Azura menerima helm itu, jari-jarinya menyentuh jari Allen saat ia mengambilnya. Ia ragu sejenak, keraguan terpancar di matanya saat ia melirik Allen, yang sudah menaiki sepeda motor.
Allen sedikit mengerutkan kening, merasakan keraguan Azura. “Apa yang kau lakukan? Naiklah,” desaknya, sambil menunjuk ke bagian belakang sepeda motor. Dia bisa melihat ketidakpastian terpancar di wajah Azura, tetapi dia bertekad untuk membuatnya bersenang-senang.
‘Aku belum pernah naik sepeda motor sebelumnya,’ pikirnya sambil mengerutkan bibir. Rasa gugup menguasai pikirannya dan dia merasa sedikit panik.
Azura menggigit bibirnya, terombang-ambing antara rasa ingin tahu dan ketakutannya akan hal yang tidak diketahui. Ia berharap Allen akan membawanya ke kafe terdekat, bukan membawanya pergi dengan sepeda motor keliling kota. Namun, ada sesuatu yang tak dapat disangkal mendebarkan dari prospek itu, sesuatu yang membuat jantungnya berdebar kencang karena kegembiraan.
“Jangan khawatir, aku tidak akan menculikmu,” Allen meyakinkan Azura dengan senyum main-main, menyadari keraguannya.

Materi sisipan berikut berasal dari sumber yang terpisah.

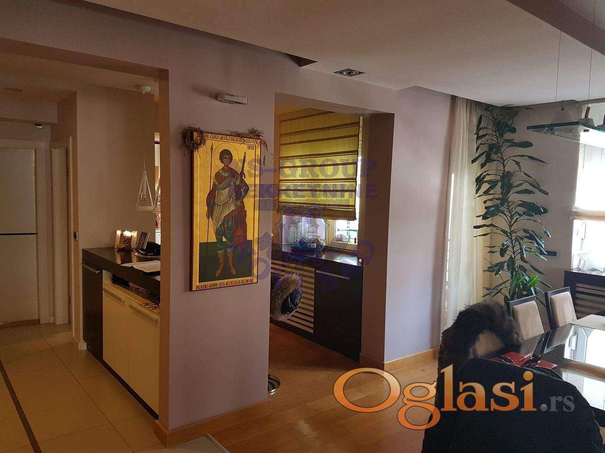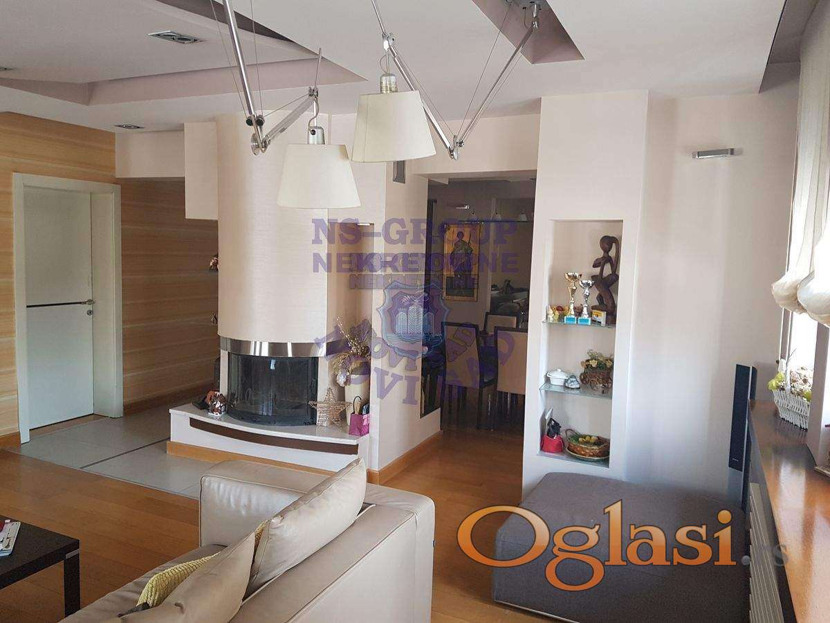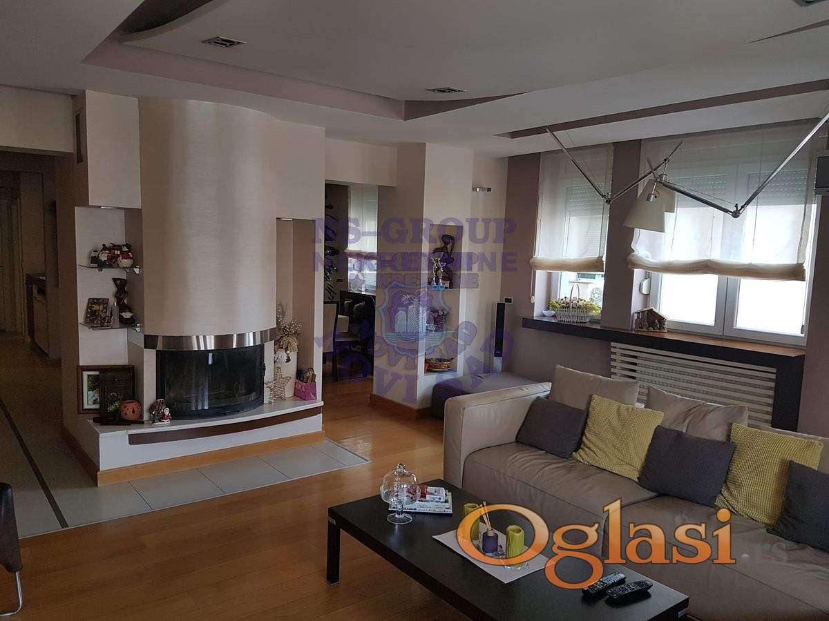 Prelep 4,0 stan, koji su sadašnji vlasnici uzeli u sirovom stanju-sve je namenski odrađeno !! Odlična keramika, kamin u dn.boravku. Zauzima skoro 1/2 cele etaže, u ceni ostaje kompletan i izuzetan nameštaj sa svom tehnikom, plakari, jakuzzi u velikom kupatilu. U dvorištu prizemne garaže sa rolo vratima, koje se posebno prodaju, ali nije uslov !!
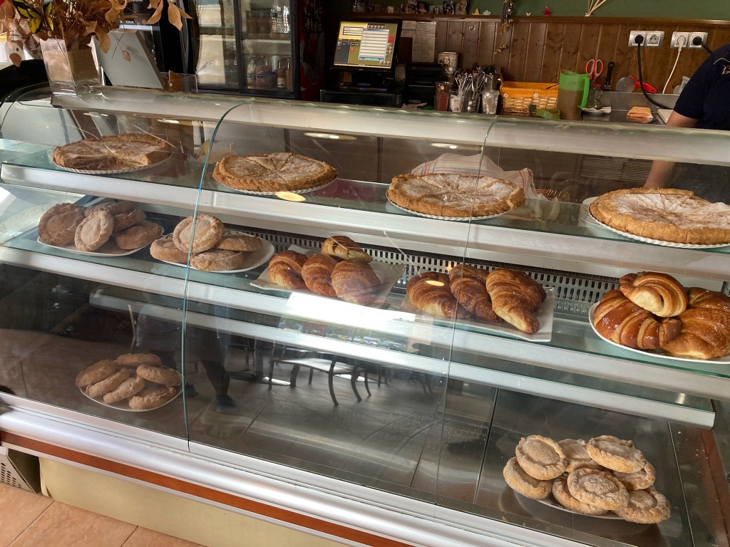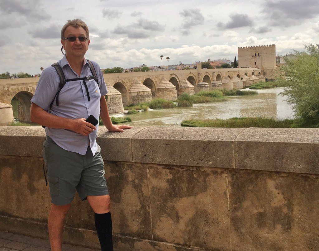 As we were early for the tour guide, we crossed the bridge over the River Quadalquivir and found a neat cafe for croissants, cake and coffee. The silting up of the river is very self evident , see waterwheel pic below – well above the river level – but the bridge is just magnificent.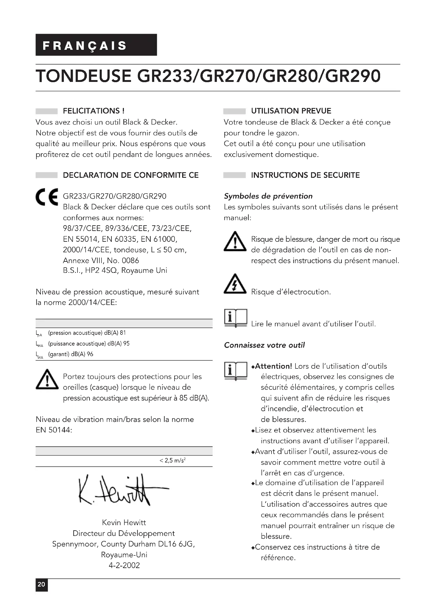 Kevin Hewitt Directeur du Développement Spennymoor, County Durham DL16 6JG, Royaume-Uni 4-2-2002 UTILISATION PREVUE Votre tondeuse de Black & Decker a été conçue pour tondre le gazon. Cet outil a été conçu pour une utilisation exclusivement domestique.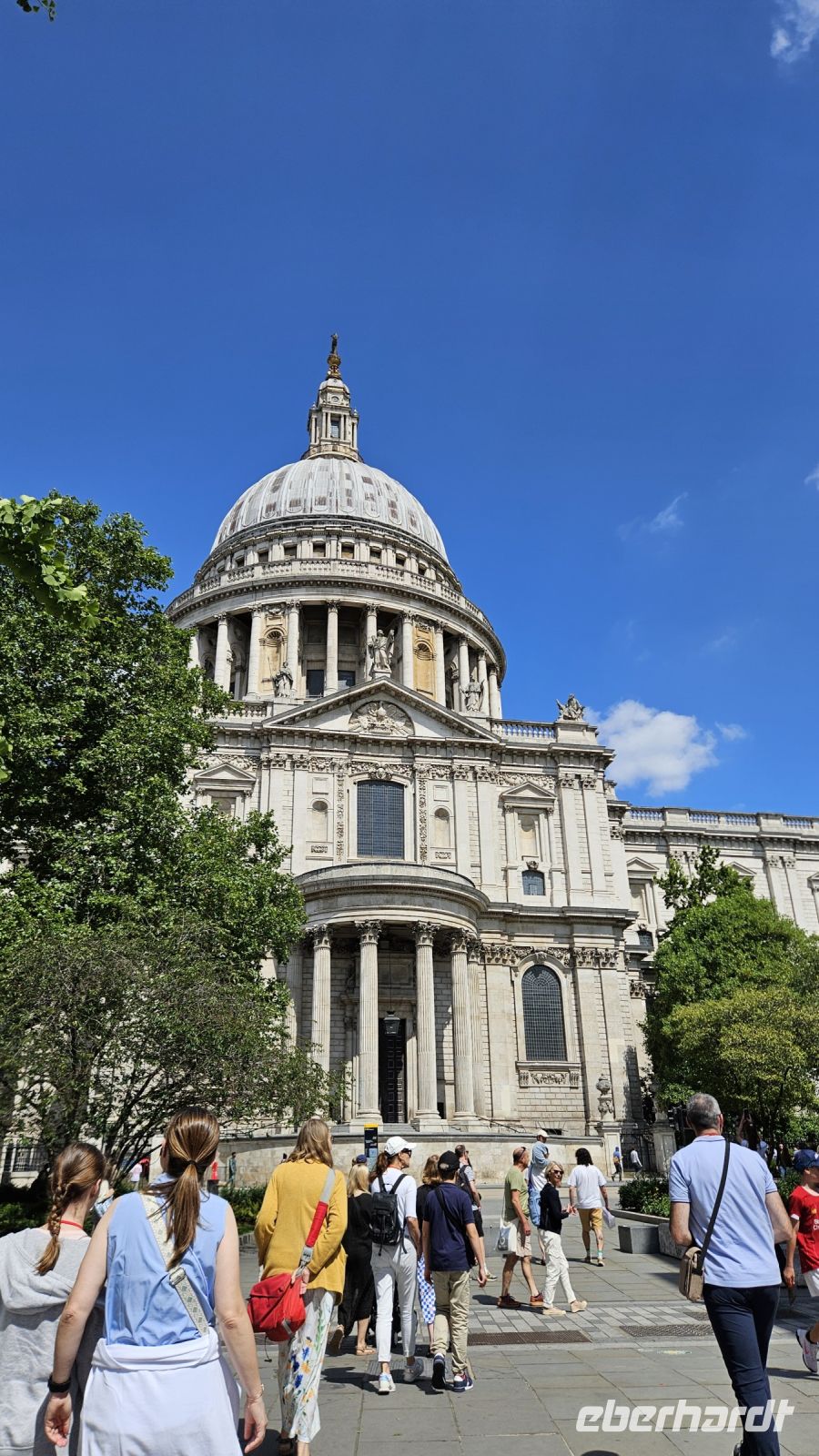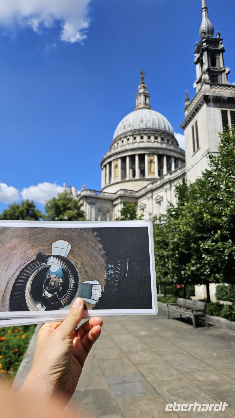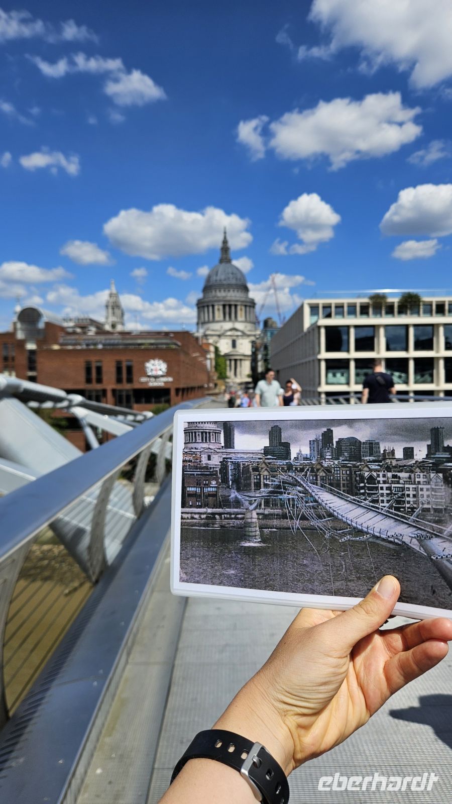 In King´s Cross führte uns Ulla an dem schicken Gebäude von St. Pancras Station vorbei, an dem Harry und Ron im zweiten Teil mit dem fliegenden Auto vorbei geflogen sind. Natürlich ging es für uns danach zum Gleis 9 3/4 und Ulla zeigte uns, wo die Dreharbeiten dafür stattfanden. Danach ging es direkt weiter mit unserem „Fahrenden Ritter“. Leider war auch heute wieder ein Fahrradrennen in London, aber Ulla manövrierte uns gut drum herum und gab uns einige Informationen über London mit auf den Weg. Der nächste Stopp, war ein herrlicher Blick auf die Themse, den Tower, die Tower Bridge und das Bankenviertel. Aber wir sind ja hier wegen Harry Potter- also auf zum nächsten Drehort! Dieser befindet sich in Leadenhall Market. Hier findet heute ein kleiner Flohmarkt statt, durch den wir kurz durchgehen und zur Tür gehen, die als Eingang zum „Tropfenden Kessel“ diente und die gleiche Straße langlaufen, die Harry und Hagrid auf ihrem Weg zur Winkelgasse gingen. Danach geht es direkt weiter mit unserem Bus in Richtung St. Pauls Cathedral. Dort finden wir einen schönen Parkplatz und schlendern erstmal zur Millenium Bridge, die in „Harry Potter und der Halbblutprinz“ von Todessern zerstört wurde. Auf dem Weg dorthin liegt auch die alte Schule von Daniel Radcliffe. Heute wird die Brücke zum Glück nicht attackiert und wir können schöne Bilder machen und den Ausblick genießen. Dann führt uns Ulla vorbei an der beeindruckenden St. Pauls Cathedral, die auch kurz als Drehort diente.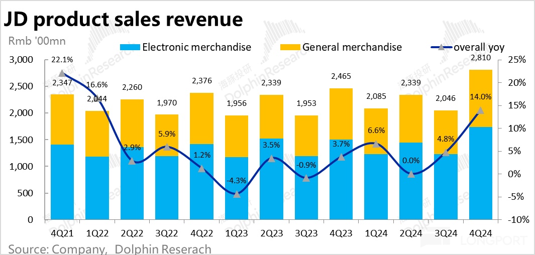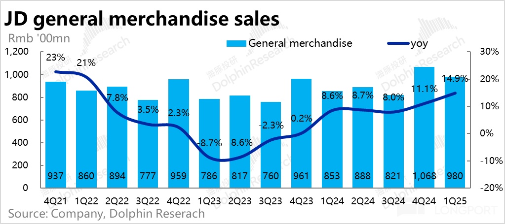京东自营卖的一般商品零售的增在通电品类流量的助推下,同比增长也进一步拉到了 15%,单季收入 980 亿元。

Pipi Azura semakin memerah mendengar komentar menggoda Allen. “Tidak, aku tidak pernah berpikir seperti itu,” jawabnya cepat, ingin menghilangkan kesan takut atau curiga. Dengan tergesa-gesa, ia duduk di sepeda motor di belakang Allen, mengenakan helm, dan mengencangkannya, mempersiapkan diri untuk perjalanan yang akan datang.
Dia tak kuasa menahan tawa mendengar jawabannya, dan menganggap pipinya yang memerah itu menggemaskan.
Begitu Allen menggeber mesinnya, Azura merasakan gelombang kegembiraan bercampur dengan kegugupan. Deru motor menenggelamkan suara lain, dan dia berpegangan erat pada punggung Allen, jantungnya berdebar kencang karena antisipasi.
Setelah beberapa saat, Allen mencondongkan tubuh ke depan, siap memulai perjalanan mereka. “Setelah ini, kau ingin mengunjungi rumah besar Goldborne, kan?” tanyanya santai, suaranya sedikit teredam oleh helm.
Mata Azura membelalak kaget mendengar pertanyaan Allen. Bagaimana dia tahu tentang rencananya mengunjungi rumah besar itu? Dia belum menceritakannya kepada siapa pun, kecuali Emma. Dan kunjungan hari ini adalah keputusannya yang tiba-tiba.